- Born: October 20, 1891
- Died: 1964, aged 72
- Education: University of London
- Awards: Bolitho Gold Medal (1933) Murchison Medal (1957)
- Scientific career
- Fields: Geology
- Workplaces: Geological Survey of Great Britain

= Henry George Dines =

British geologist

Henry George Dines (20 October 1891 – 1964) was a British geologist, who was best known for his work on the regional geology of Britain, and the metalliferous mining districts of south-west England. Dines was awarded the Murchison Medal of the Geological Society of London in 1957.

==Early life==
Dines was born in London in October 1891. He went to school at Dartford Grammar School, and then to university at the Royal School of Mines. His university study was disrupted with the start of World War 1, and he signed up for service with the Royal Naval division engineers in Deal, Kent, on 18 September 1914. He was involved the Gallipoli campaign with the Royal Naval division, and was severely injured in both legs. In 1916, he was appointed temporary lieutenant in the Royal Engineers, and served with the Royal Engineers tunnelers in France. After the war, Dines completed his undergraduate studies. He graduated from the Royal School of Mines with first class honours in 1920, and was awarded the De La Beche medal.

==Career==
In late 1920, Dines was appointed as a geologist with the Geological Survey of Great Britain. He remained with the survey for his whole career. Over the course of his work he published numerous papers, reports on mineral resources, fourteen maps and a notable memoir on the metal resources of south-west England which was published in 1956. A reviewer of this memoir noted that it was a comprehensive volume, and Dines was to be congratulated for his great service in completing such a gigantic task.
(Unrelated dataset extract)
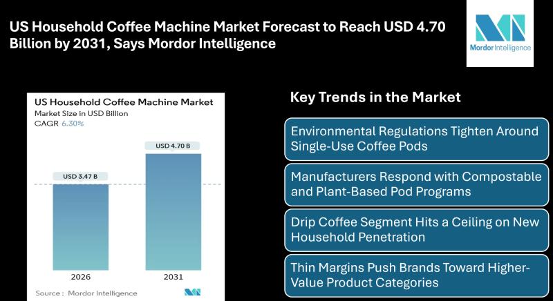 Mordor Intelligence has published a new report on the US household coffee machine market, offering a comprehensive analysis of trends, growth drivers, and future projections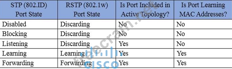 Question 306: Which RPVST+ port state is excluded from all STP operations?...

In 1944, Dines was promoted to the post of district geologist for south-west England and the southern Midlands. He retired in 1954. He also served on the council of the geological society from 1950 to 1954.

==Recognition==
In February 1921 Dines was elected as a Fellow of the Geological Society of London. In 1933, he was awarded the Bolitho Gold Medal of the Royal Geological Society of Cornwall for his work on the ore-bodies of Cornish granites, which he published in 1934. He was awarded the Murchison Medal in 1957 in recognition of his work on the economic geology of south-west England.

==Death==
Dines died in Surrey in 1964, aged 72.